Basically people with chronic pain need around the clock pain relief. Hence the "chronic" part. So a doc may prescribe an LA med like Methadone, Kadian, OxyContin, etc. These meds are either time-released by the way they are manufactured, or have a long half-life in the case of Methadone.

However, many people with chronic pain will have spikes in their pain and this is when you may require a BT med. Some people have spikes daily and others weekly etc. It depends on you and your specific injuries/conditions.

BT meds should really only be used for just that. Really your LA med is what should be providing most of your relief. When you have BT pain, then you use your BT meds. If you find that you are using the same amount of BT meds each day then there are a couple of things or questions to ask your doc. One is that your LA med is probably not high enough if you are using a lot of BT meds. And the other thing is, with BT meds, if you are taking the same amount everyday, then they become part of your daily intake of meds. So when you have BT pain, you will require even more to get relief.

When you are prescribed BT meds, the doc will usually write either a daily dose, maybe 3-6 per day or PRN (as needed). But just because you are prescribed 6 daily, usually doesn't mean that you have to take 6 a day with BT meds. Of course check with your doc, but most docs would prefer that your BT meds intake is limited, so that they will work for you in the future for BT pain.

As far as the drowsiness, that is from the Methadone. It is one of the side effects to Meth and probably one of the most frequent complaints. I don't take Methadone, but there are many on this board that could give their personal experiences with it I'm sure, and how they have handled that issue.

And finally, another reason two different pain meds are used is for better coverage of pain. Without getting to confusing, opiates and the different families bind to different receptors. These receptors basically due different things as far as pain, relaxation, sedation, etc are concerned. So by using different opiates, your pain will be covered better. Thats the short version anyway.

I would talk with your doc about the BT meds. Most docs don't have a problem if you want to decrease something as long as you speak with them first. I will tell you that Methadone is not something to self medicate or change in anyway. Be sure to always contact your doc about any changes in that med before making it. Its not like other meds or BT meds that can change or are given as an "as needed" drug. Its very important to follow the instructions of that med.

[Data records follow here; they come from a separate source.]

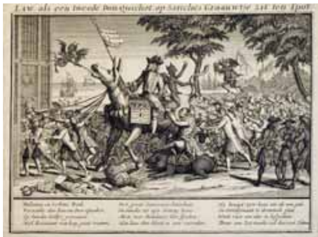
John Law als Don Quichot; de actiebijljetten vliegen uit de aars van de ezel, gravure, 1720
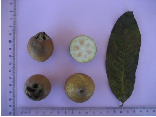
Tip No: 19
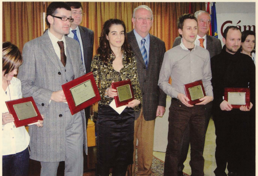
Los ganadores de los distintos premios muestran sus galardones.

En la III edición de este Concurso de Escaparates Navideños, se ha introducido una novedad; recogidas las imágenes
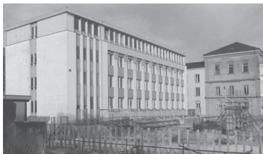
Institut Chantemerle 20

Et voilà que la caravane reprend la route, direction le Mail. Simple mais fonctionnel, bien situé avec, côté sud, sa vue sur le parc agrémenté de séquoias géants, puis sur le lac, ce bâtiment allait regrouper un bon nombre d'activités de la Faculté des sciences.
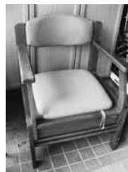
▲ポータブルトイレ 使用状況: ていねいに使用 保管場所: 西 ※内布タ無

Hope you start feeling better soon. Hopefully I didn't confuse you too much....

Take Care
19th June 2006
One thing about Oxycodone. For some people, myself included, it actually is more stimulating than other opiates. For example, my long acting med has just been switched back from Kadian to 100 mcg DURAGESIC patch. Now, the patch (and the Kadian) both make mae a little drowsy. But the Oxycodone more than makes up for that. I can get by with only 3-4 hours of sleep with no problems.

Don't assume that you are going to be sedated. If you are one of those who get energy from the Oxycodone, you might find yourself with more energy than you expected.

Alan
19th June 2006
So which is actualy stronger? The meth or the oxycodone? I know med's have different effects from person to person but, which of the two is stronger? The oxy makes me sick to my tummy but the meth doesnt. I am pretty impressed with the meth to be honest. It for sure lasts longer. The meth is 5mg and the oxy pill is 15. I took a drug called dilaudid(spelling?) once and the meth seems to be alot like the dilaudid. Is the meth stronger than dilaudid?. I know its difficult to compare but I would like some what of a comparison please. Thanks so much for responses :p
20th June 2006
Oh yeah I forgot to mention, that the oxycodone is realy starting to make me nauseas. The first two weeks I was fine ,but now I am nauseas constantly. If I wanna try something else,will the PM Dr. usualy get mad or disaprove? What would they normally replace it with.OK hope this makes sense, I am trying to write this in the bubble bath on my lap tap.